Dataset items:
= Beginning of Section =

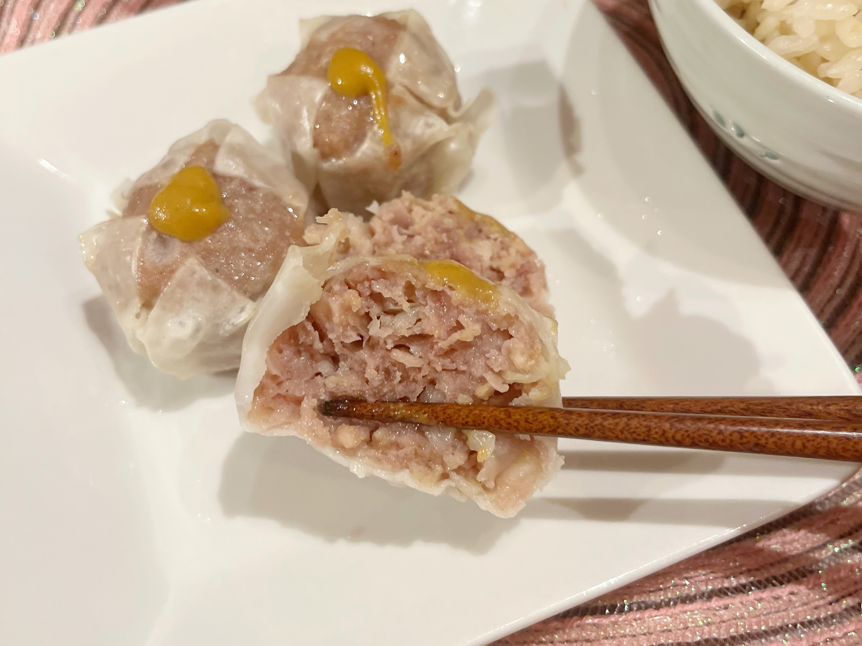 一粒40gの食べ応えのあるサイズの焼売は、何もつけなくてもおいしい!国産の豚肉と鶏肉を100%使用し、ゴロっとした粗挽き肉の食感と、しっかりした味付けとなっています。
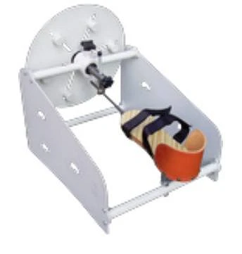 - Diseñado para la ejercitación del tobillo y fabricado en chapa de acero con recubrimiento en epoxy, zapatilla de madera y cuero con sujeciones de velcro.
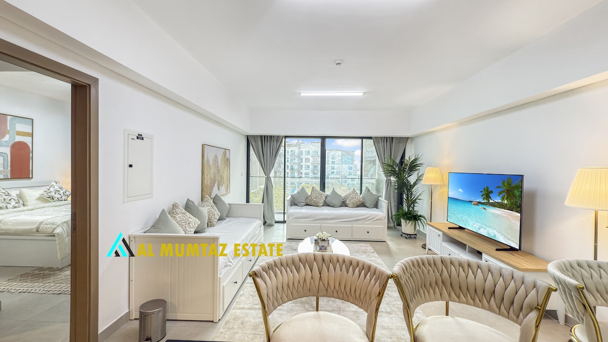 Üdvözlünk a Bright Oasisban, a Yas-szigeten található elegáns stúdióban, amely modern kényelmet és eleganciát kínál. Élvezd a napfényes helyet lenyűgöző kilátással, nagy sebességű Wi-Fi-vel, Smart TV-vel és teljesen felszerelt konyhával. Pihenj a saját erkélyen, vagy fedezd fel az olyan közeli látványosságokat, mint a Yas Marina, a Ferrari World és a Yas Mall. A közös medencéhez, fitneszközponthoz és privát parkoláshoz való hozzáférés tökéletes városi menedéket nyújt a nyugodt és kényelmes tartózkodáshoz.
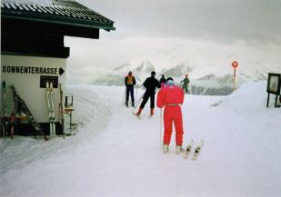 Ute, Axel, Krücke und Tommy waren die Skifahrer des Urlaubs 1993. Conny und Robin, noch ganz klein, machten dieses Jahr eine Ski-Pause. |
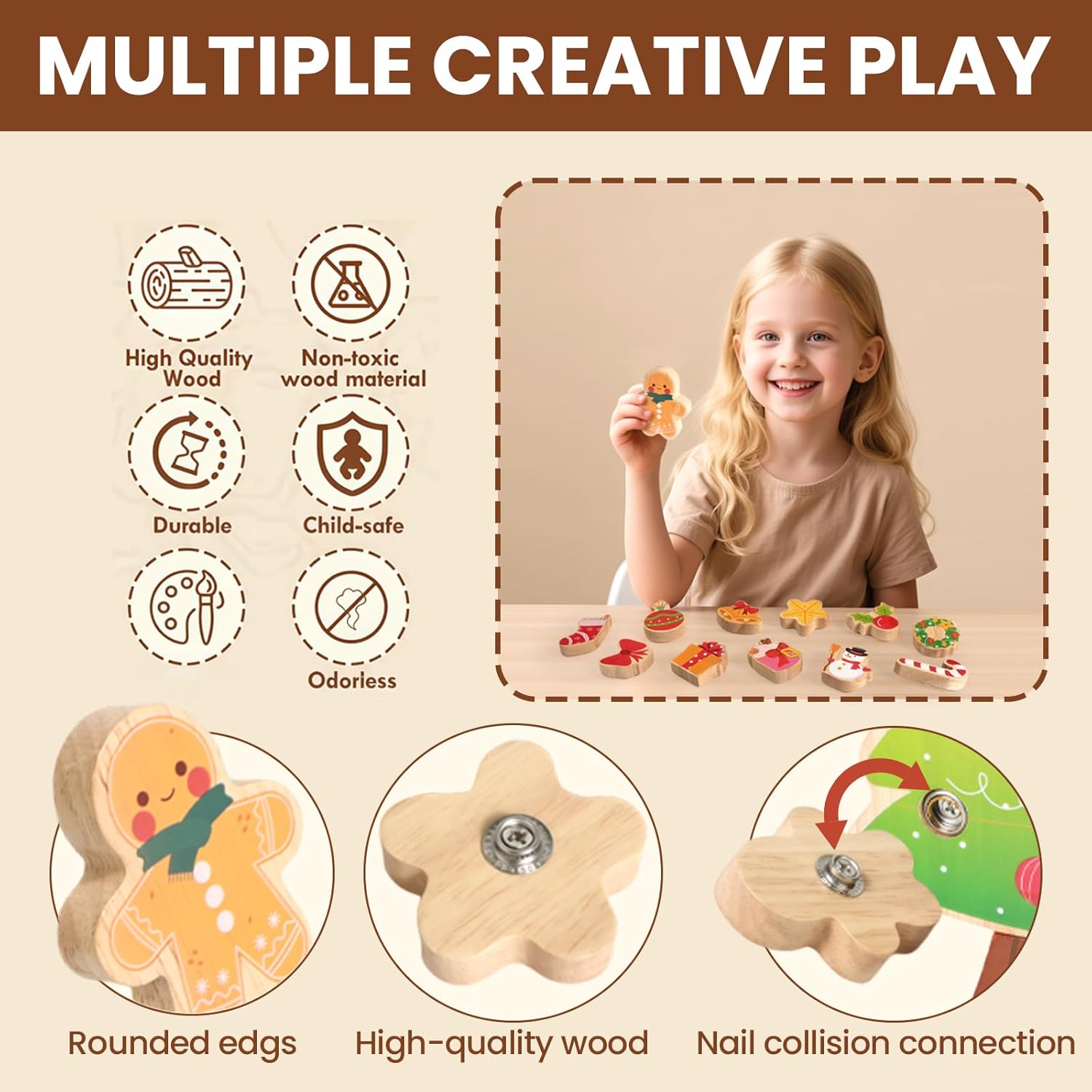 - Ornaments: 12 colorful wooden decorations (candy canes, stockings, stars, gingerbread men, presents)

= End of Section =

→ PROBLEM TO WORK ON
Reproduce the lines of the data that run from the one containing "Üdvözlünk a Bright" to the final line, both included, exactly as they appear and without the pictures.

→ SOLUTION FOR THIS TASK
 Üdvözlünk a Bright Oasisban, a Yas-szigeten található elegáns stúdióban, amely modern kényelmet és eleganciát kínál. Élvezd a napfényes helyet lenyűgöző kilátással, nagy sebességű Wi-Fi-vel, Smart TV-vel és teljesen felszerelt konyhával. Pihenj a saját erkélyen, vagy fedezd fel az olyan közeli látványosságokat, mint a Yas Marina, a Ferrari World és a Yas Mall. A közös medencéhez, fitneszközponthoz és privát parkoláshoz való hozzáférés tökéletes városi menedéket nyújt a nyugodt és kényelmes tartózkodáshoz.
 Ute, Axel, Krücke und Tommy waren die Skifahrer des Urlaubs 1993. Conny und Robin, noch ganz klein, machten dieses Jahr eine Ski-Pause. |
 - Ornaments: 12 colorful wooden decorations (candy canes, stockings, stars, gingerbread men, presents)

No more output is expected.